There is also a psychological mechanism by which knowledge masquerades as intelligence, and it is worth naming because it operates on the humans who interact with these systems, not just on the systems themselves. When we receive fluent, confident, contextually appropriate speech from an entity, we are wired to infer that the entity understands what it is saying. This is a deeply reasonable heuristic in a world populated exclusively by humans, because in that world, fluent confident speech is indeed correlated with understanding. But the heuristic breaks down when the entity producing the speech is a system that generates fluency without understanding, and the breakdown is dangerous because we rarely notice it happening. The language model sounds exactly like a person who understands, which means our evolved social cognition tells us to trust it, to defer to it, to treat its outputs as reliable. This is not stupidity on the part of the humans. It is a mismatch between a social cognition that evolved for a world of humans and a technological object that can mimic the surface of human speech without any of its substance. Researchers studying interaction with conversational AI have consistently found that people attribute more understanding to these systems than the systems warrant, and that this attribution causes people to reduce the critical scrutiny they would apply to any human expert (3). That reduction in scrutiny is exactly what makes the knowledge-intelligence confusion dangerous in practice.

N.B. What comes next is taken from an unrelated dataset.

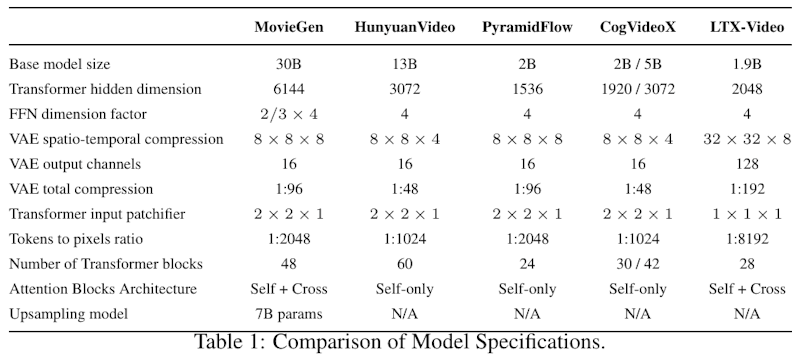 この表は、複数のビデオ生成モデルの仕様を比較しています。表ではMovieGen、HunyuanVideo、PyramidFlow、CogVideoX、LTX-Videoという5つのモデルを取り上げています。各モデルのベースモデルサイズ、変換器の隠れ次元、FFNの次元要因、VAEの圧縮率、変換器の入力パッチファイア、トークン対ピクセル比、変換器ブロックの数、注意ブロックのアーキテクチャなどが示されています。LTX-Videoは高圧縮率と高効率性に特化したモデルです。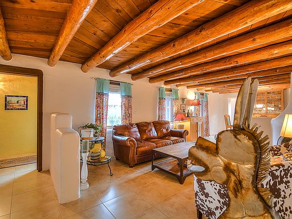 Welcome home! Stunning one of a kind Leon Watson custom Adobe. A MUST SEE! Seated on a gorgeous landscaped corner lot. Single story home with TWO master suites, two living areas, den, office, and or a possible 4th bedroom. Hand cut vegas through out, radiant heat in the original parts of the home. Alder cabinets and stainless steel appliances in the kitchen, custom covered patio with a French Drain System. Custom gas fire place in the den plus 3 kiva fireplaces! Walk-in closet with skylight in one master bedroom, garden tub and separate shower with double sinks. Views that will take your breath away! Several updates to this home including new roof! Come see this beautiful home today before it's gone!

I also want to address the specific case of chain-of-thought prompting, because it is often cited as evidence that language models can actually reason, and I think the evidence has been badly misread. Chain-of-thought prompting is a technique where the model is asked to produce its reasoning step by step before giving a final answer. This technique improves performance on many multi-step problems, which was taken by many people as evidence that the model is reasoning. But what the technique most likely does is decompose the task into a sequence of simpler prediction tasks, each of which is closer to the model's training distribution, which means the model can handle each step through pattern retrieval rather than genuine reasoning. The overall improvement comes from making the knowledge-retrieval problem easier at each step, not from enabling genuine reasoning. You can verify this by taking the same problems and rephrasing them in ways that preserve the logical structure but disrupt the statistical regularities that support each step, and performance collapses at exactly the points where the statistical regularities are disrupted. A system that genuinely reasons would continue to perform at the novel reasoning task. A system that is pattern-matching over a decomposed problem shows the dependence on statistical regularities as soon as those regularities are absent. Research has confirmed this distinction (4), and the confirmation matters enormously because it means that the apparently most compelling evidence for reasoning in language models is actually evidence of sophisticated knowledge retrieval, which is what I have been arguing. The masquerade runs deep, and it fools even the researchers who study these systems professionally.
There is yet another way in which knowledge masquerades as intelligence, and it is the one I find most philosophically interesting, which is that knowledge can mimic the form of intelligence without its substance. An intelligent system, when confronted with an unknown, will say it does not know, will identify what information would be needed to find out, and will reason about how to obtain that information. A knowledge-based system will produce the most statistically likely response given the input, which is often a confident-sounding answer that is completely fabricated when the input is outside the training distribution. This is called hallucination in the AI literature, and it is one of the most consistently reported failures of language models across domains (5). Hallucination is not a bug in an otherwise correct system. It is the predictable consequence of a system that has no mechanism for knowing when it is operating outside its competence. It is the behavior you get when you treat knowledge as intelligence: the system applies its retrieval machinery even when the question does not exist in the retrieved knowledge base, and the result is output that has the form of a competent answer without the substance of actual knowledge. The form comes from the training distribution. The content is generated from thin air. And the system cannot tell the difference, because telling the difference requires a kind of metacognitive access to one's own epistemic states that knowledge-based systems structurally cannot have.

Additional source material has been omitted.